The turnout was large enough that the viewing was extended for two more hours beyond the stated two hours.
Despite the choice of the prestigious site for the farewell ceremony, the Kremlin stopped short of calling it a state funeral, with Peskov saying the ceremony will have “elements” of one, such as honorary guards, and the government’s assistance in organizing it. He wouldn’t describe how it will differ from a full-fledged state funeral.
Saturday’s ceremony had all the trappings befitting a state funeral except the name, including the national flag draping Gorbachev’s coffin. with goose-stepping guards firing shots in the air and a small band playing the Russian anthem, which uses the same melody as the Soviet anthem.
But officially declaring a state funeral for Gorbachev would have obliged Putin to attend it and would have required Moscow to invite foreign leaders, something that it was apparently reluctant to do amid soaring tensions with the West after Russia sent troops to Ukraine.
Dmitry Medvedev, the deputy head of Russia’s Security Council chaired by Putin who served as Russia’s president in 2008-12, showed up at the farewell ceremony. He then released a post on a messaging app channel, referring to the 1991 collapse of the Soviet Union and accusing the U.S. and its allies of trying to engineer Russia’s breakup, a policy he described as a “chess game with Death.”

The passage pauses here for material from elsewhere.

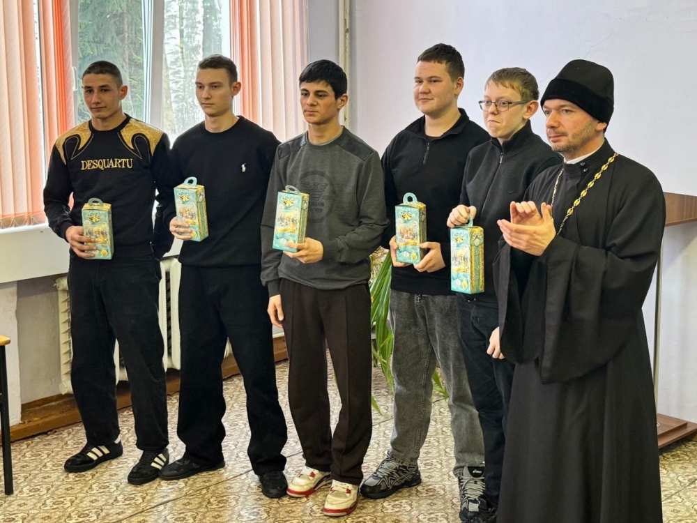 Перед игрой в аудиториях нашего техникума священники - иерей Сергий Курдов, иерей Евгений Тойменев, диакон Кирилл Трофимов и Александра Трофимова провели со студентами беседы в формате живого диалога. Разговор был посвящен традиционным ценностям, семье и нравственным ориентирам в жизни современного человека.

Hungarian Prime Minister Viktor Orban, who often has been critical of the western sanctions against Russia, was the only foreign leader who attended the farewell on Saturday. The U.S., British, German and other western ambassadors also attended.

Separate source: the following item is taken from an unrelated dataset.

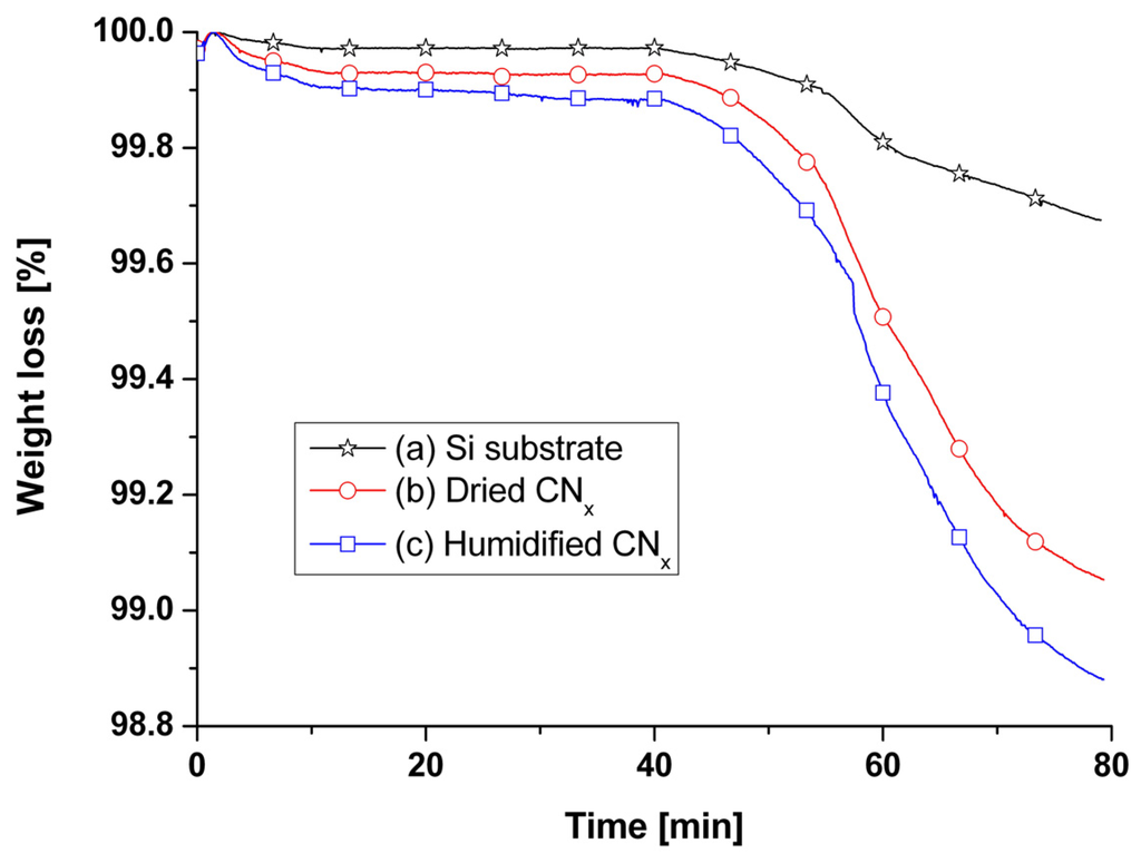 Weight loss curves of Si substrate (a), dried CNx film (b) and humidified CNx film (c).

The relatively modest ceremony contrasted with a lavish 2007 state funeral given to Yeltsin, who anointed Putin as his preferred successor and set the stage for him to win the presidency by stepping down.
Grigory Yavlinsky, the leader of the liberal Yabloko party who worked on economic reform plans under Gorbachev, hailed him for “offering people an opportunity to say what they thought — something that Russia never had before.”
Putin has avoided explicit personal criticism of Gorbachev, but has repeatedly blamed him for failing to secure written commitments from the West that would rule out NATO’s expansion eastward. The issue has marred Russia-West relations for decades and fomented tensions that exploded when the Russian leader sent troops into Ukraine on Feb. 24.
In a carefully phrased letter of condolence released Wednesday avoiding explicit praise or criticism, Putin described Gorbachev as a man who left “an enormous impact on the course of world history.”
“He led the country during difficult and dramatic changes, amid large-scale foreign policy, economic and society challenges,” Putin said. “He deeply realized that reforms were necessary and tried to offer his solutions for the acute problems.”
The Kremlin’s ambivalence about Gorbachev was reflected in state television broadcasts, which described his worldwide acclaim and grand expectations generated by his reforms, but held him responsible for plunging the country into political turmoil and economic woes and failing to properly defend the country’s interests in talks with the West.